Let's Go Our Own Way (Gremo mi po svoje) is a 2010 Slovenian adventures youth film directed by Miha Hočevar, starring Jurij Zrnec, Tadej Koren Šmid, and Jure Kreft in the title roles.

This film reached the biggest audience in premiere weekend in Slovenian cinema history. The film gathered record 18,686 visitors.

==Plot==
Film is talking about scouts who spend their free time in nature. Aleks is camping near Soča river together with his friends. Starešina, the scouting leader is taking everything too serious and that cause a lot of problems. And boys are a lot more interested in girls than camp.

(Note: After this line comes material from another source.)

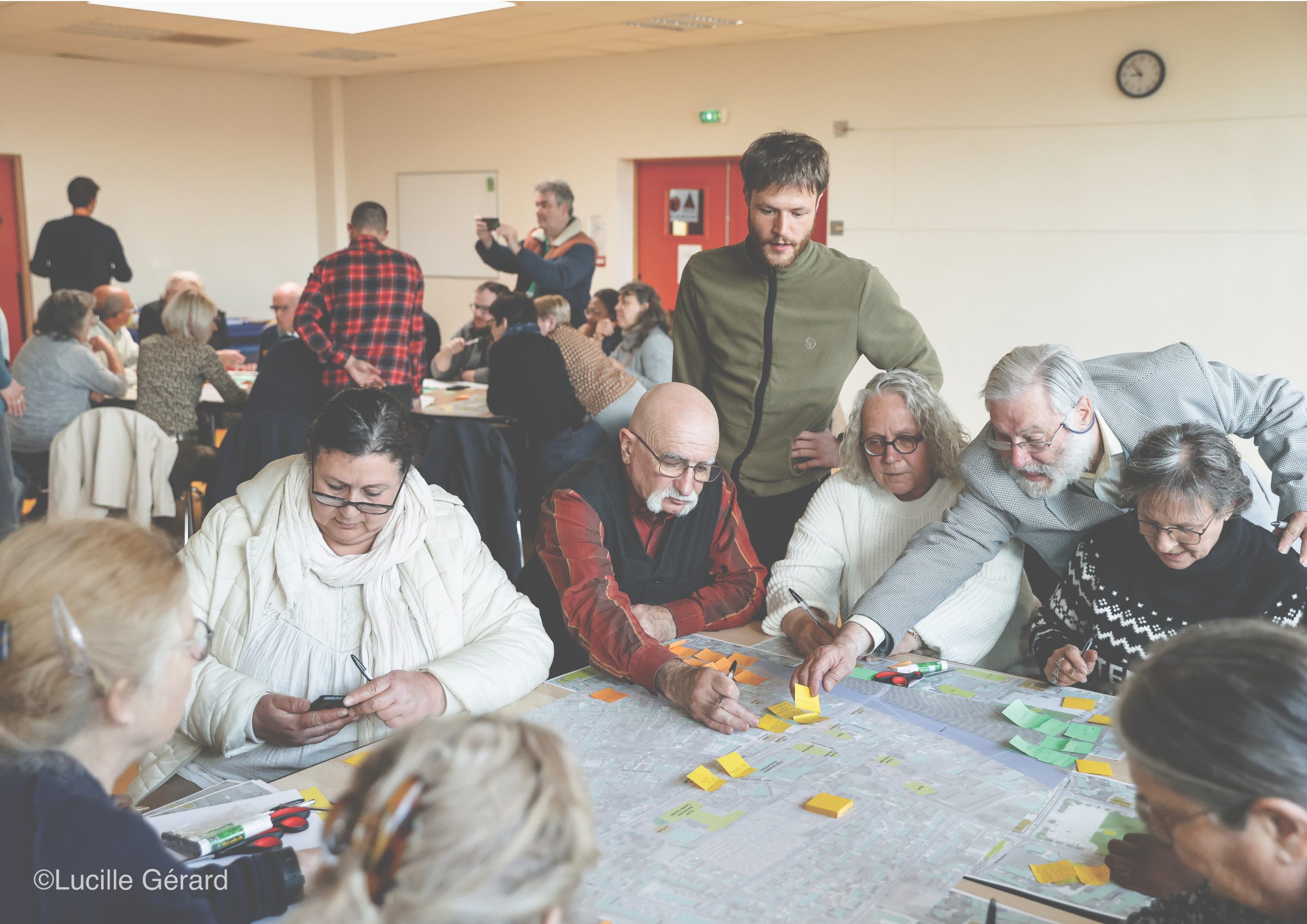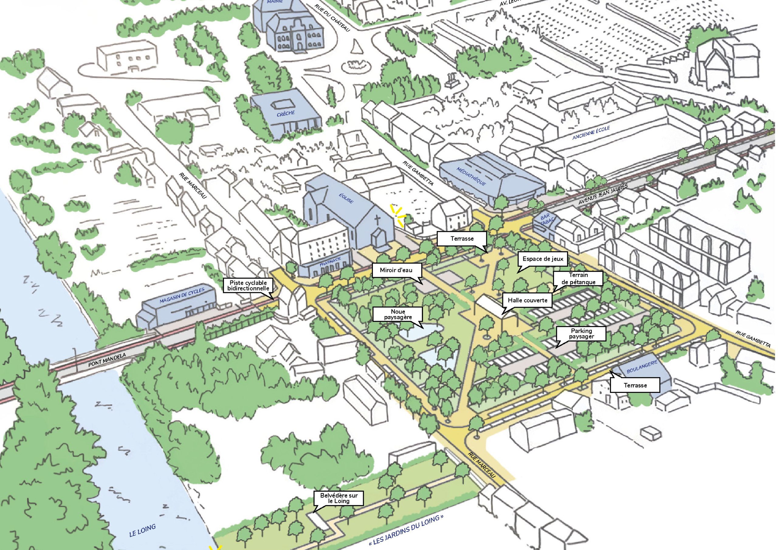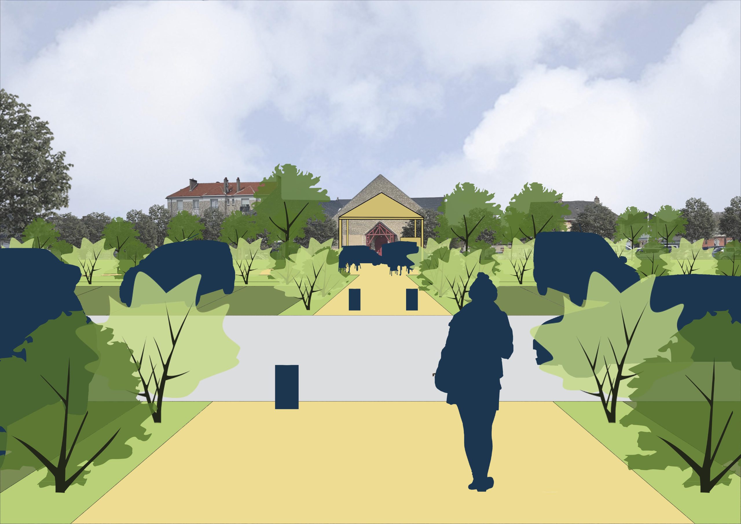 L’étude interroge également la mutation de la place Jean Jaurès, une centralité aujourd’hui dédiée principalement à du stationnement où trône un kiosque désuet au milieu d’une vaste prairie bordée de tilleuls taillés en tête de chat. Le projet redéfinit les usages de la place autour d’un parking décentré et optimisé, d’une halle légère servant au marché et aux événements festifs et de nouvelles trames végétales structurant le site. L’ensemble recrée les conditions d’un centre-bourg vivant, apaisé et résilient.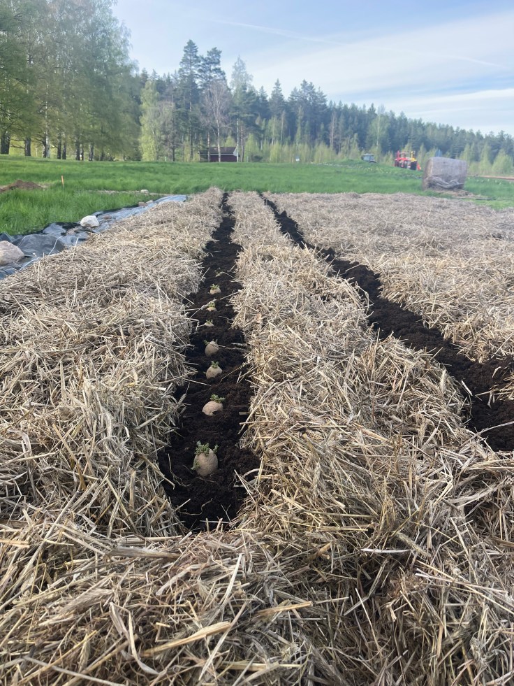 Jag har åter lyckats bra med potatis, och i år har jag tre långa rader på min nya täckodling på gärdet bredvid tunnelväxthuset. Sannolikt blir vi självförsörjande på potatis denna vinter.

The movie was filmed in ideal Triglav National Park in Slovenia.

==Cast==
- Jurij Zrnec (Starešina / Taborovodja)
- Tadej Koren Šmid (Aleks)
- Jure Kreft (Zaspanec)
- Matevz Štular (Jaka)
- Jana Zupančič (Kuharica Majda)
- Luka Cimprič (Vodnik Grega)
- Uroš Kaurin (Vodnik Peter)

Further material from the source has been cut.